The still and all the effects of the brush-whiskey trade disappeared as mysteriously, and doubtless this silent flitting gave rise to the hopeful rumor that Tarbetts had been seen alive and well since that fateful night, and that in some farther recesses of the wilderness, undiscovered by the law, he and like comrades continue their chosen vocation. However that may be, the vicinity of Hoho-hebee Falls, always a lonely place, is now even a deeper solitude. The beavers, unmolested, haunt the ledges; along their precipitous ways the deer come down to drink; on bright days the rainbow hovers about the falls; on bright nights they glimmer in the moon; but never again have they glowed with the shoaling orange light of the furnace, intensifying to the deep tawny tints of its hot heart, like the rich glamours of some great topaz.

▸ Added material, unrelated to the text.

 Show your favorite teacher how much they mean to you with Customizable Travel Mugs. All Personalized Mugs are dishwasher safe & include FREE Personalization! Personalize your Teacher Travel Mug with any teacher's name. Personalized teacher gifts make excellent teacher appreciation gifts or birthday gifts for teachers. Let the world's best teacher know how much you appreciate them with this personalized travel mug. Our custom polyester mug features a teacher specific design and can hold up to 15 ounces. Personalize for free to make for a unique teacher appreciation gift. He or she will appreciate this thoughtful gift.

This alien glow it was thought had betrayed the place to the raiders, and Nehemiah's instrumentality was never discovered. The post-office appointment was bestowed upon his rival for the position, and it was thought somewhat strange that he should endure the defeat with such exemplary resignation. No one seemed to connect his candidacy with his bootless search for his nephew. When Leander chanced to be mentioned, however, he observed with some rancor that he reckoned it was just as well he didn't come up with Lee-yander; there was generally mighty little good in a runaway boy, and Lee-yander had the name of being disobejent an' turr'ble bad.

Leander found a warm welcome at home. His violin had been broken in the _melee_, and the miller, though ardently urged, never could remember the spot where he had hidden the book--such havoc had the confusion of that momentous night wrought in his mental processes. Therefore, unhampered by music or literature, Leander addressed himself to the plough-handles, and together that season he and "Neighbor" made the best crop of their lives.

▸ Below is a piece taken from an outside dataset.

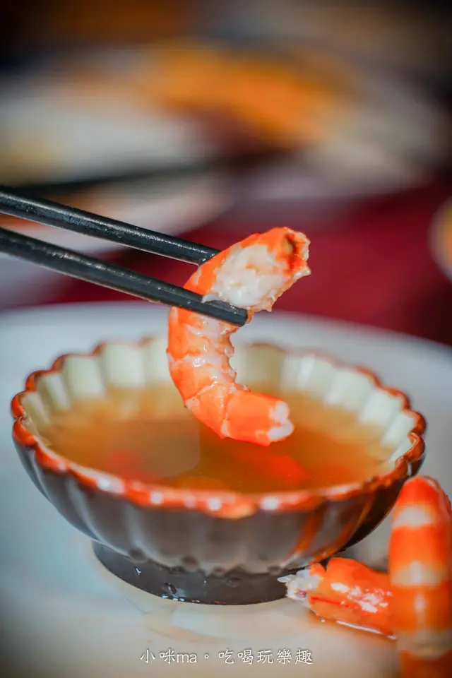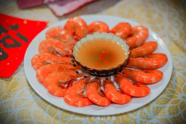 這道只要完全解凍就能上桌,嚴選古早釀造的花雕酒下去浸泡,每隻蝦子都吸足花雕酒迷人香氣,記得花雕酒湯汁一定要留下來,到時候還可以用蝦子沾著吃更夠味

Laurelia sighed for the violin and Leander's music, though, as she always made haste to say, some pious people mis...o...b..ed whether it were not a sinful pastime. On such occasions it went hard with Leander not to divulge his late experiences and the connection of the pious Uncle Nehemiah therewith. But he always remembered in time Laurelia's disability to receive confidences, being a woman, and consequently unable to keep a secret, and he desisted.

One day, however, when he and Ty Sudley, ploughing the corn, now knee-high, were pausing to rest in the turn-row, a few furrows apart, in an ebullition of filial feeling he told all that had befallen him in his absence. Ty Sudley, divided between wrath toward Nehemiah and quaking anxiety for the dangers that Leander had been constrained to run--_ex post facto_ tremors, but none the less acute--felt moved now and then to complacence in his prodigy.

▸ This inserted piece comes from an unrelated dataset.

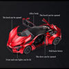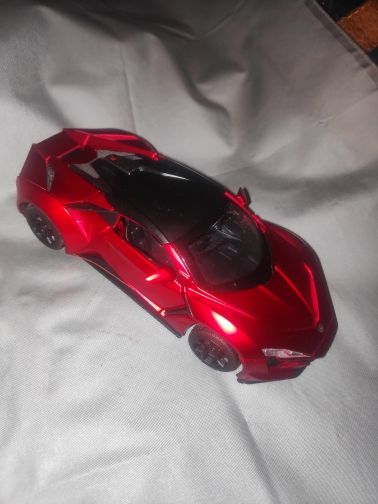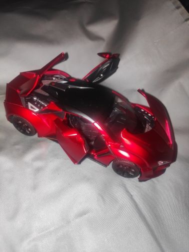 A clear car. Everything opens. Everything works. Came without batteries.

"So 'twar _you-uns ez_ war smart enough ter slam the furnace door an'

throw the whole place inter darkness! That saved them moonshiners and raiders from killin' each other. It saved a deal o' bloodshed--ez sure ez shootin 'Twar mighty smart in ye. But"--suddenly bethinking himself of sundry unfilial gibes at Uncle Nehemiah and the facetious account of his plight--"Lee-yander, ye mustn't be so turr'ble bad, sonny; ye _mustn't_ be so _turr'ble_ bad."

"Naw, ma'am, Neighbor, I won't," Leander protested.

And he went on following the plough down the furrow and singing loud and clear.